• [TASK REQUIREMENTS]
Go through the data below and transcribe it exactly. Omit the images.

• [DATA PROVIDED]
━━━━━━━━━━━━━━━━

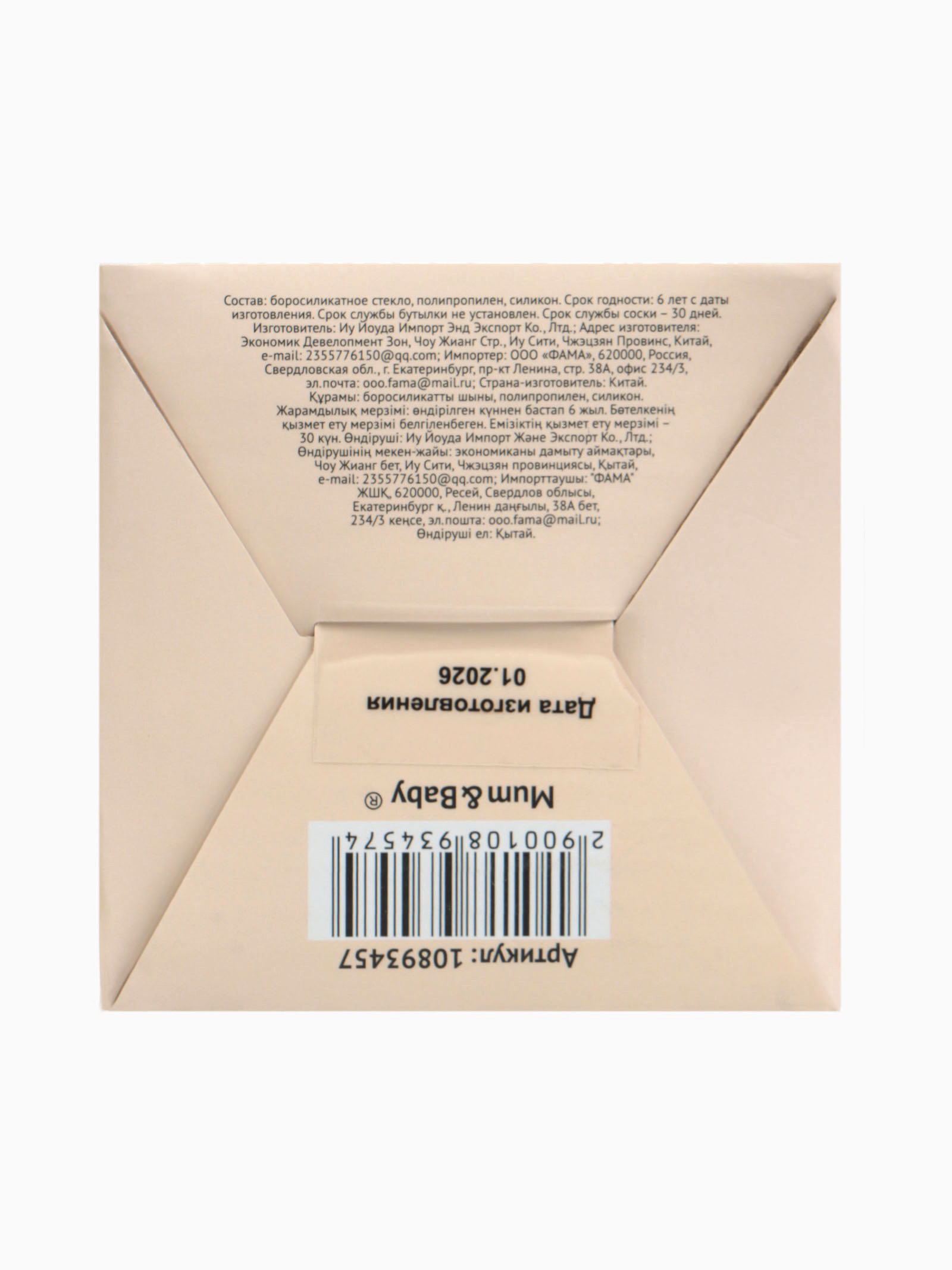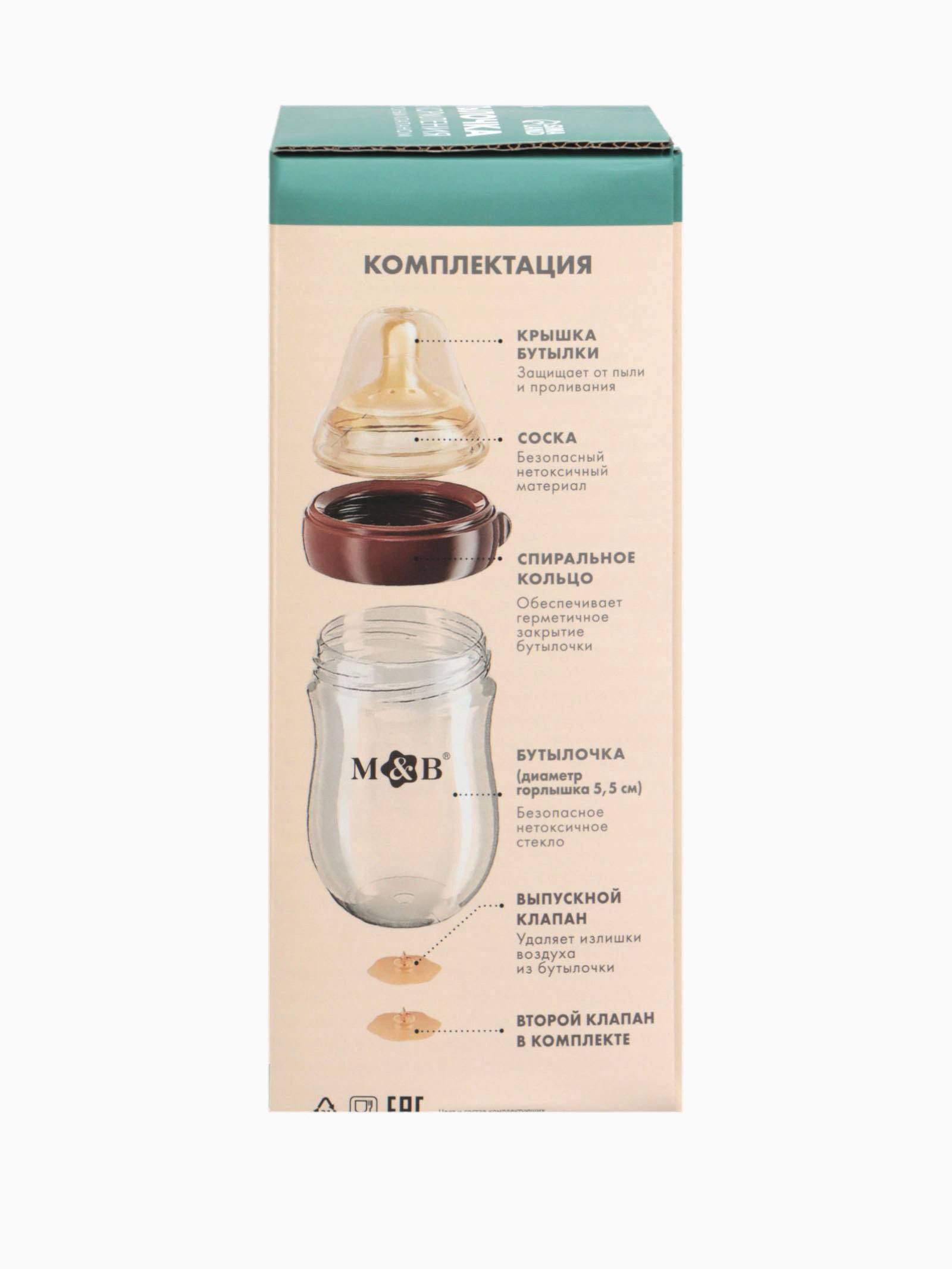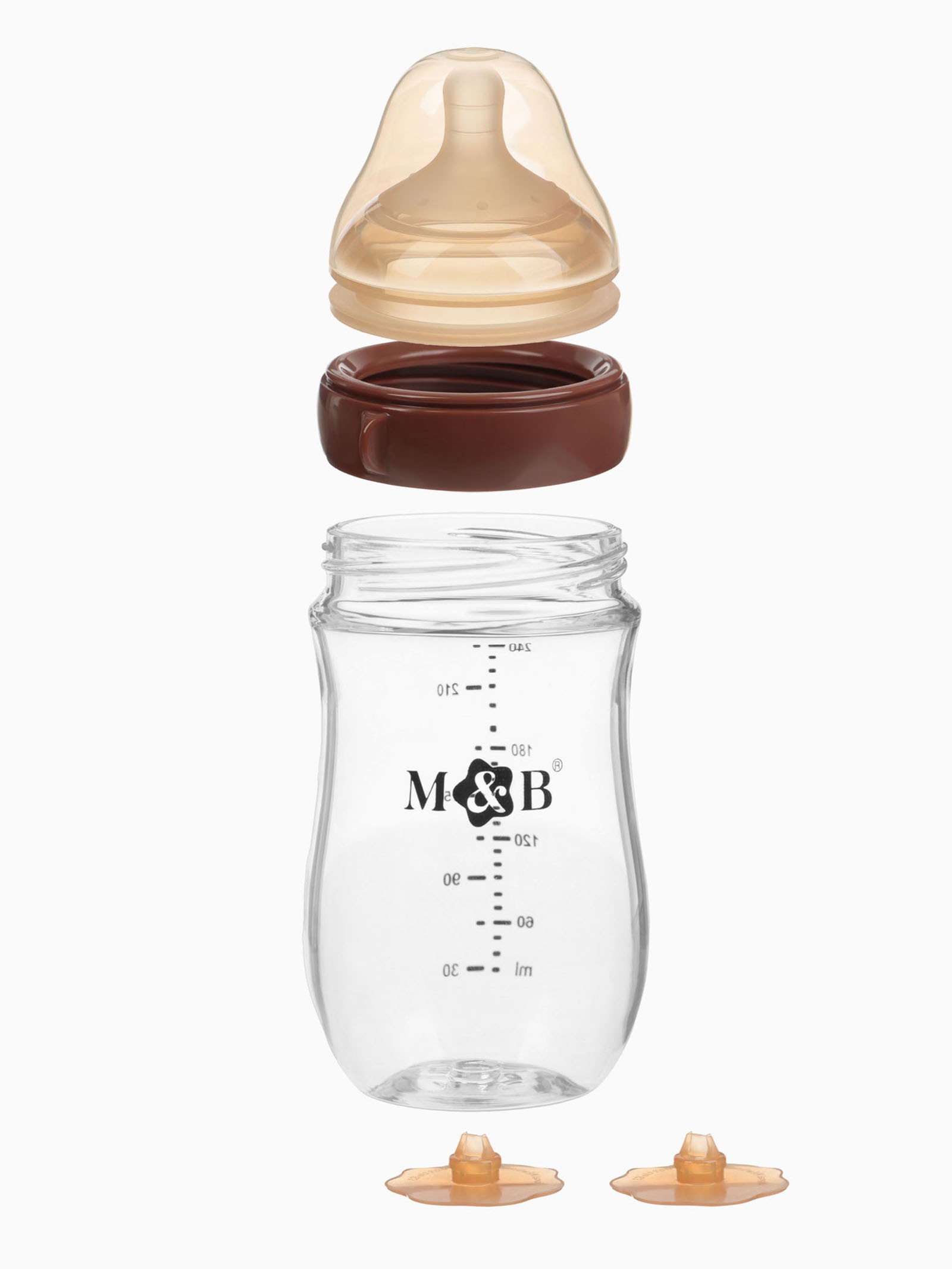 Бутылочка для кормления, антиколиковая, боросиликатное стекло, 240 мл M&B, 7x7x17.1 см., Mum&Baby, Китай
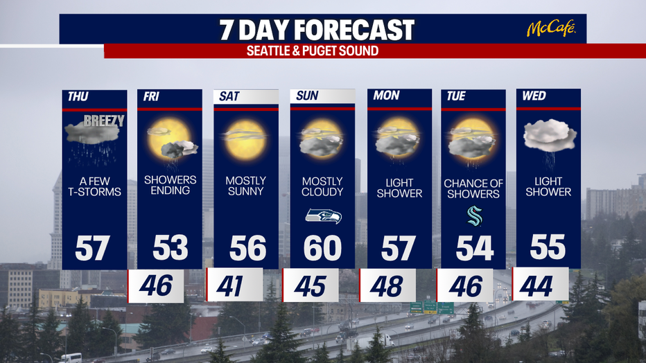 SEATTLE - Thursday will be another active weather day across Western Washington as the next system takes aim with gusty wind, high elevation snow, rain, and thunderstorms.
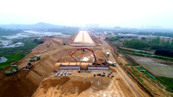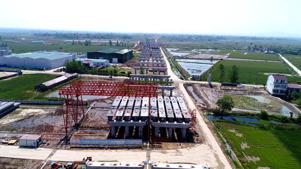 3月25日,羅埠河特大橋主橋最后一個承臺歷時11個小時的澆筑,順利完成,自此進(jìn)入地面以上施工。4月11日,徽州大道(廬江段)項目全線首片箱梁順利架設(shè),較業(yè)主下達(dá)的架梁工期提前了半個多月,施工進(jìn)展再次取得突破,標(biāo)志著項目全面進(jìn)入上部結(jié)構(gòu)施工階段。

━━━━━━━━━━━━━━━━

• [COMPLETED TASK]
 Бутылочка для кормления, антиколиковая, боросиликатное стекло, 240 мл M&B, 7x7x17.1 см., Mum&Baby, Китай
 SEATTLE - Thursday will be another active weather day across Western Washington as the next system takes aim with gusty wind, high elevation snow, rain, and thunderstorms.
 3月25日,羅埠河特大橋主橋最后一個承臺歷時11個小時的澆筑,順利完成,自此進(jìn)入地面以上施工。4月11日,徽州大道(廬江段)項目全線首片箱梁順利架設(shè),較業(yè)主下達(dá)的架梁工期提前了半個多月,施工進(jìn)展再次取得突破,標(biāo)志著項目全面進(jìn)入上部結(jié)構(gòu)施工階段。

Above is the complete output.